👁️Vision Fine-tuning
Learn how to fine-tune vision/multimodal LLMs with Unsloth
Fine-tuning vision models has numerous use cases across various industries, enabling models to adapt to specific tasks and datasets. We provided 3 example notebooks for vision finetuning.
Note: Gemma 3 also works, just change Qwen or Pixtral's notebook to the Gemma 3 model.
Llama 3.2 Vision finetuning for radiography: Notebook How can we assist medical professionals in analyzing Xrays, CT Scans & ultrasounds faster.
Qwen2.5 VL finetuning for converting handwriting to LaTeX: Notebook This allows complex math formulas to be easily transcribed as LaTeX without manually writing it.
Pixtral 12B 2409 vision finetuning for general Q&A: Notebook One can concatenate general Q&A datasets with more niche datasets to make the finetune not forget base model skills.

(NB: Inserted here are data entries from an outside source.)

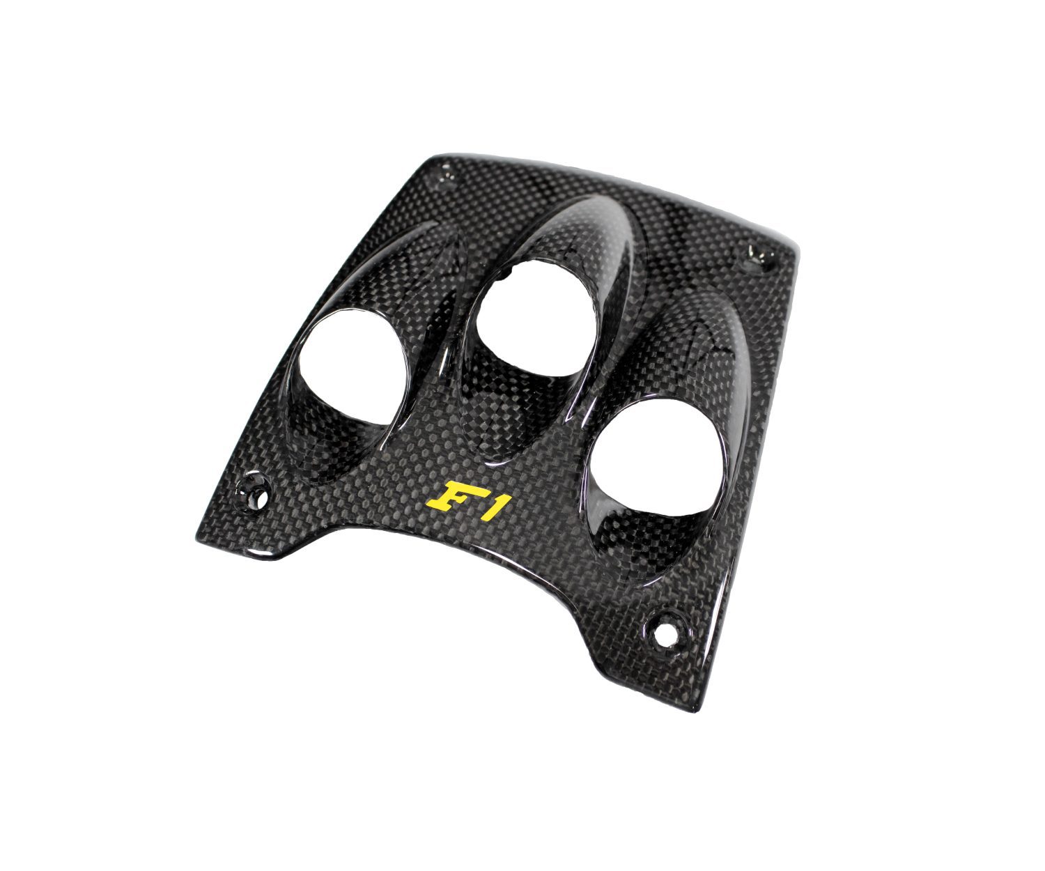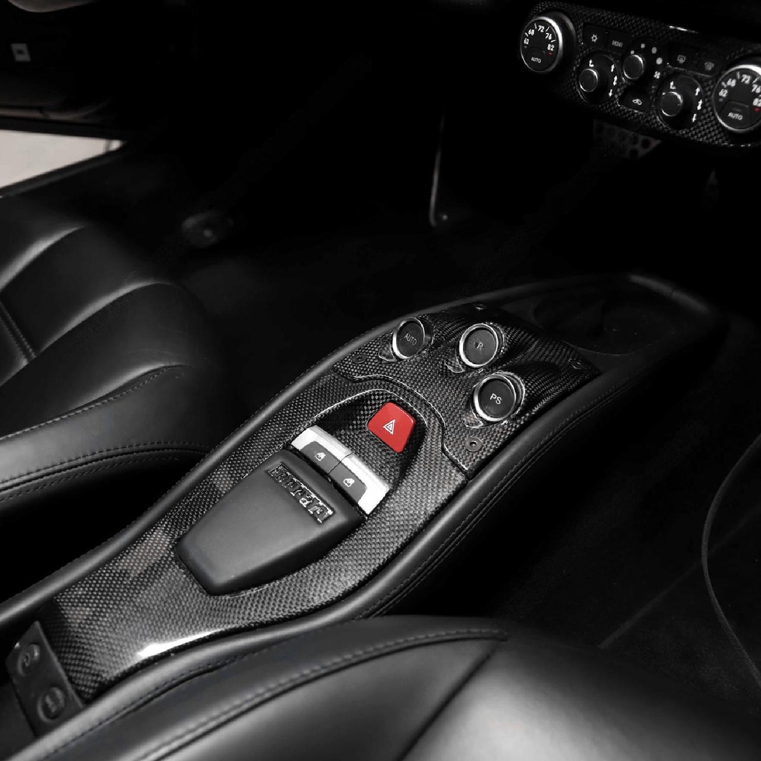The Exotic Car Gear Carbon Center Console F1 Trim for the Ferrari 458 enhances interior aesthetics with lightweight, durable carbon fiber construction, offering a sleek, race-inspired upgrade that complements the vehicle’s luxurious design.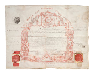 Pierre-François Isnard et tirée en sanguine, sceaux de cire de la Loge et du Comité Écossais de la Loge sur papier en enchâssés des supports métalliques appendus à des rubans de soie, l'un rouge, l'autre grège, cachet encré de la Loge.
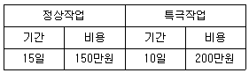 어떤 공장에서 작업을 하는데 있어서 소요되는 기간과 비용이 다음 표와 같을 때 비용구배는? (단, 활동시간의 단위는 일(日)로 계산한다.)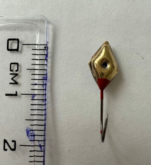 Ručně vyráběná marmyška na háčku značky Owner. Hmotnost přibližně 0,5g.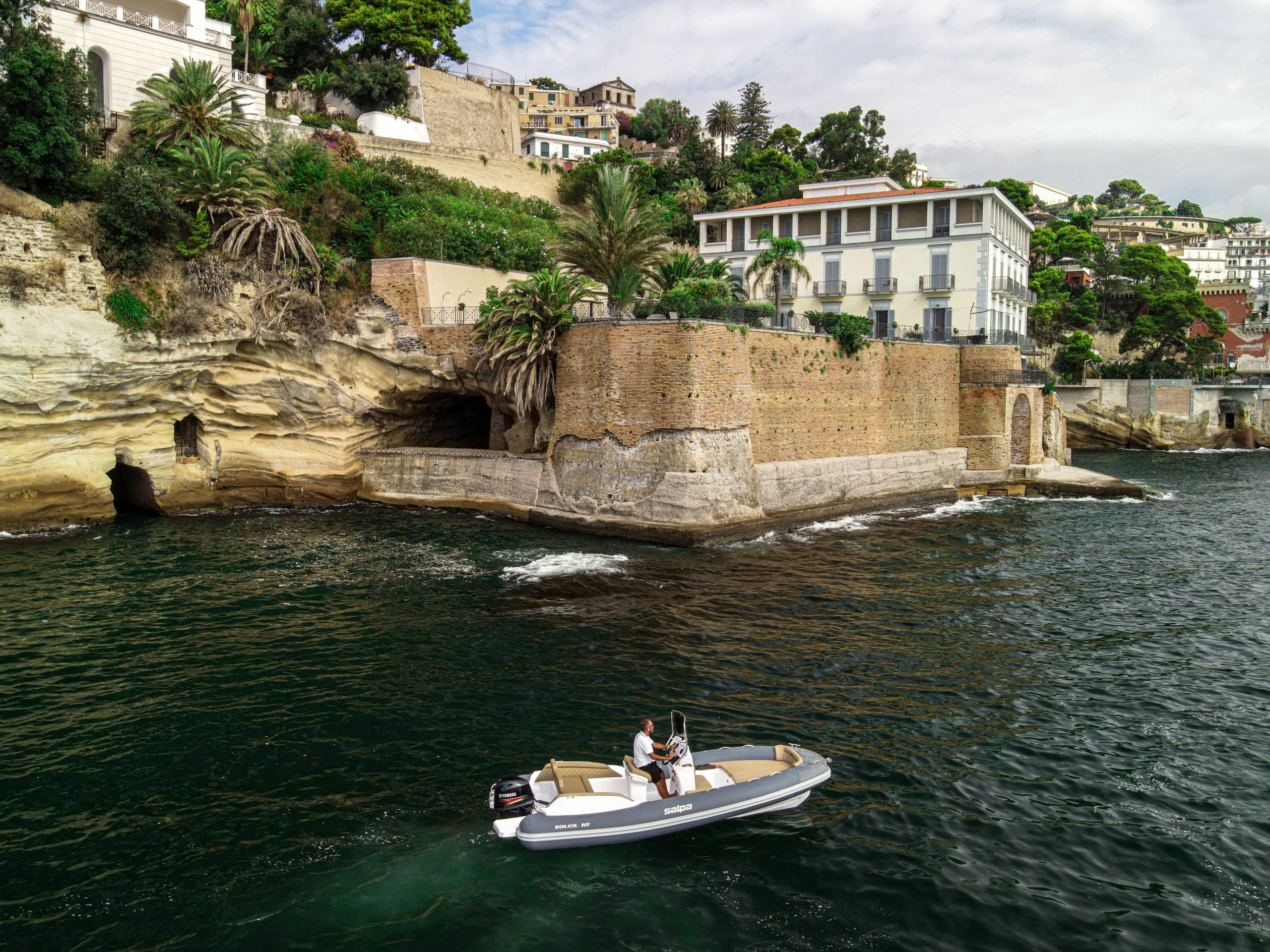 Se trata de una semirrígida que sorprende por su casco, dotado de un pronunciado escalón transversal para limitar el rozamiento, permitir montaje de potencias menores y reducir los consumos. De hecho permite su uso con eficiencia, montando un fueraborda de mínimo 40 CV, que se convertirá en muy deportivo si utilizamos los 115 CV que admite como potencia máxima.

To finetune vision models, we now allow you to select which parts of the mode to finetune. You can select to only finetune the vision layers, or the language layers, or the attention / MLP layers! We set them all on by default!

Vision Fine-tuning Dataset
The dataset for fine-tuning a vision or multimodal model is similar to standard question & answer pair datasets , but this time, they also includes image inputs. For example, the Llama 3.2 Vision Notebook uses a radiography case to show how AI can help medical professionals analyze X-rays, CT scans, and ultrasounds more efficiently.
We'll be using a sampled version of the ROCO radiography dataset. You can access the dataset here. The dataset includes X-rays, CT scans and ultrasounds showcasing medical conditions and diseases. Each image has a caption written by experts describing it. The goal is to finetune a VLM to make it a useful analysis tool for medical professionals.
Let's take a look at the dataset, and check what the 1st example shows:
Dataset({
features: ['image', 'image_id', 'caption', 'cui'],
num_rows: 1978
})

Panoramic radiography shows an osteolytic lesion in the right posterior maxilla with resorption of the floor of the maxillary sinus (arrows).
To format the dataset, all vision finetuning tasks should be formatted as follows:
[
{ "role": "user",
"content": [{"type": "text", "text": instruction}, {"type": "image", "image": image} ]
},
{ "role": "assistant",
"content": [{"type": "text", "text": answer} ]
},
]
We will craft an custom instruction asking the VLM to be an expert radiographer. Notice also instead of just 1 instruction, you can add multiple turns to make it a dynamic conversation.
instruction = "You are an expert radiographer. Describe accurately what you see in this image."
def convert_to_conversation(sample):
conversation = [
{ "role": "user",
"content" : [
{"type" : "text", "text" : instruction},
{"type" : "image", "image" : sample["image"]} ]
},
{ "role" : "assistant",
"content" : [
{"type" : "text", "text" : sample["caption"]} ]
},
]
return { "messages" : conversation }
pass
Let's convert the dataset into the "correct" format for finetuning:
converted_dataset = [convert_to_conversation(sample) for sample in dataset]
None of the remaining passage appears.